WHAT YOU SHOULD DO: Give again, word for word, only the lines of the material below from its first line through the one that holds "Piano Sheet music"; pictures stay out.
── DATA EXCERPT ──
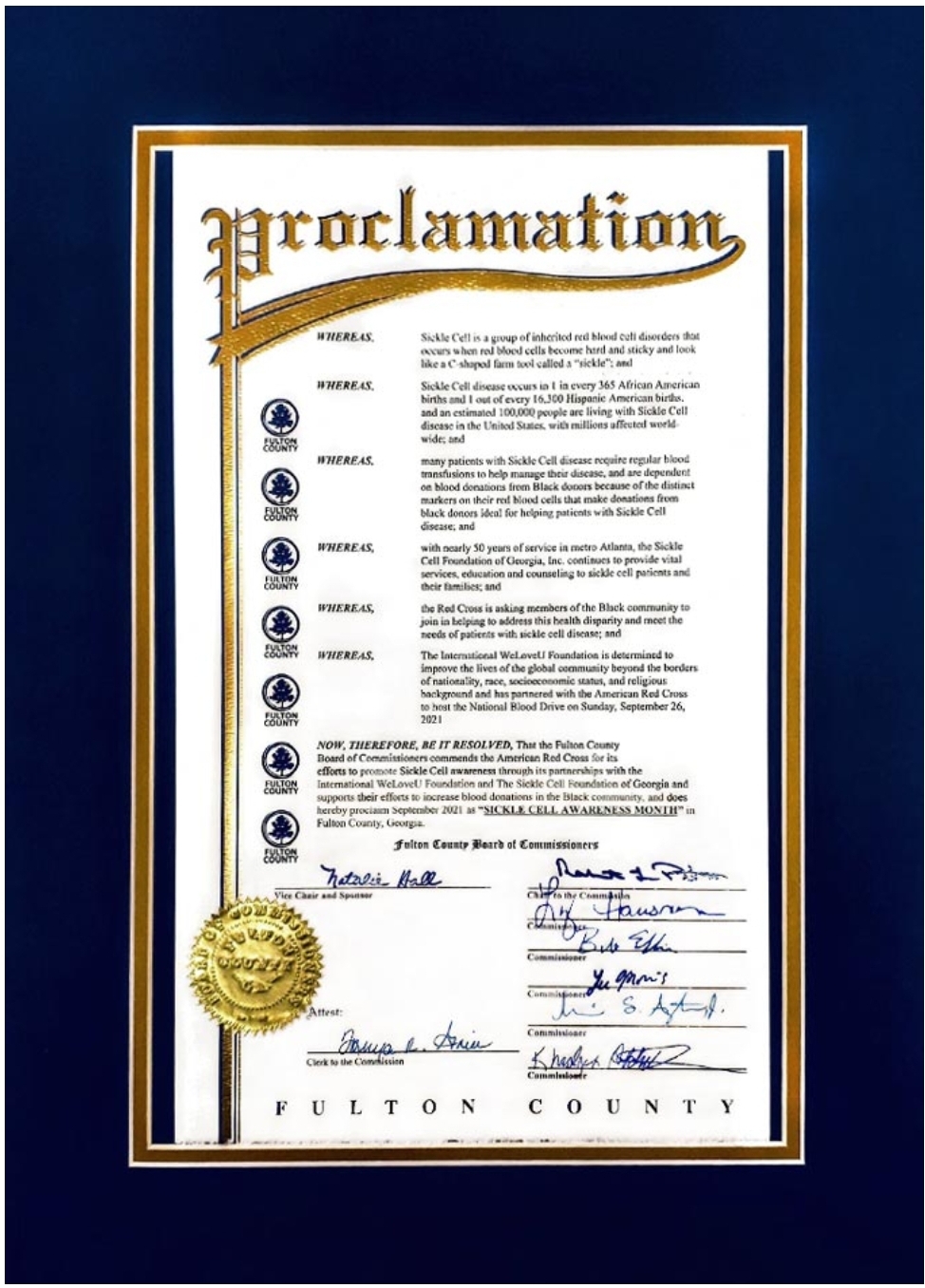 이에, 풀턴카운티위원회는 국제위러브유 및 조지아겸상적혈구재단과 파트너십을 통해 겸상적혈구 인식을 제고하기 위한 미국 적십자사의 노력을 높이 평가하고 헌혈 증가를 위한 그들의 노력을 지원하기로 결정했습니다. 2021년 9월을 조지아주 풀턴카운티의 ‘겸상적혈구병 인식의 달’로 선포합니다.
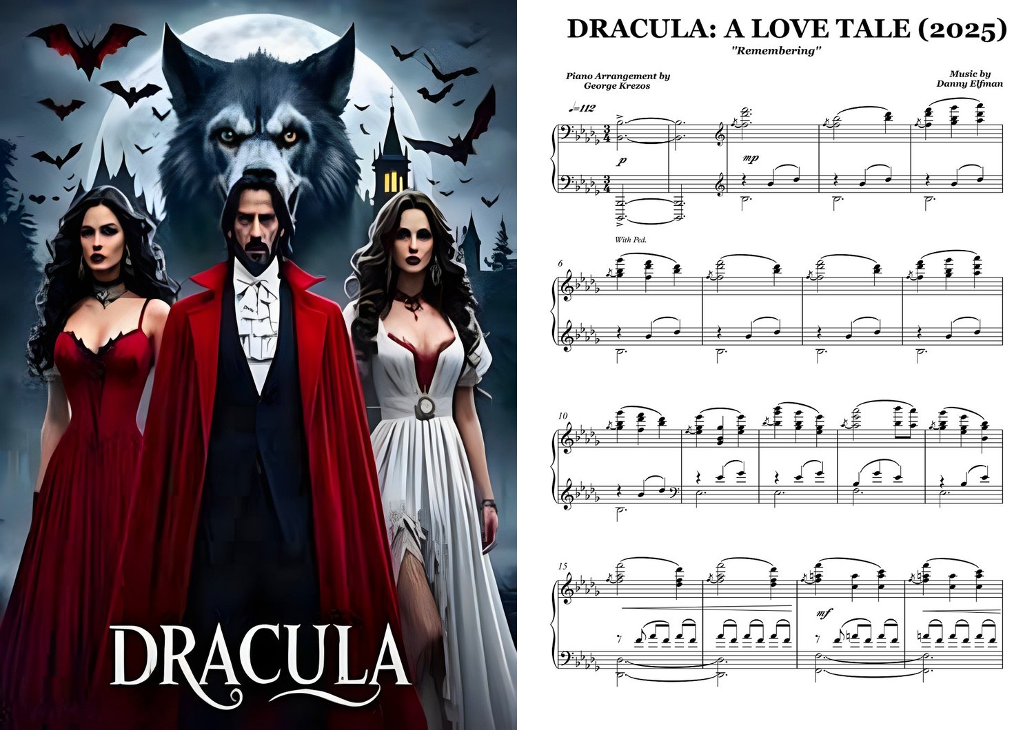 Piano Sheet music for ''Remembering'' (Love Theme) from Luc Besson's Horror/Romance film DRACULA: A LOVE TALE (2025). Music by Danny Elfman. Piano arrangement by George Krezos. The level of difficulty is intermediate. Complete 3 page PDF file available for download upon purchase.
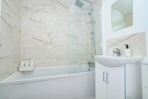 Questo appartamento presenta 1 camera da letto, un soggiorno e una cucina con utensili, frigorifero e forno. Presso Watford Central Queens Apartment è disponibile una TV a schermo piatto.
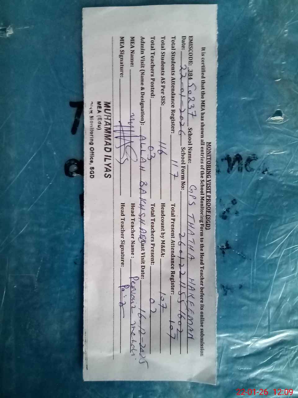 | EMIS Code: 38450237 | Name of School: GPS THATTA HAKEEMA | |||
───
ANSWER BELOW:
 이에, 풀턴카운티위원회는 국제위러브유 및 조지아겸상적혈구재단과 파트너십을 통해 겸상적혈구 인식을 제고하기 위한 미국 적십자사의 노력을 높이 평가하고 헌혈 증가를 위한 그들의 노력을 지원하기로 결정했습니다. 2021년 9월을 조지아주 풀턴카운티의 ‘겸상적혈구병 인식의 달’로 선포합니다.
 Piano Sheet music for ''Remembering'' (Love Theme) from Luc Besson's Horror/Romance film DRACULA: A LOVE TALE (2025). Music by Danny Elfman. Piano arrangement by George Krezos. The level of difficulty is intermediate. Complete 3 page PDF file available for download upon purchase.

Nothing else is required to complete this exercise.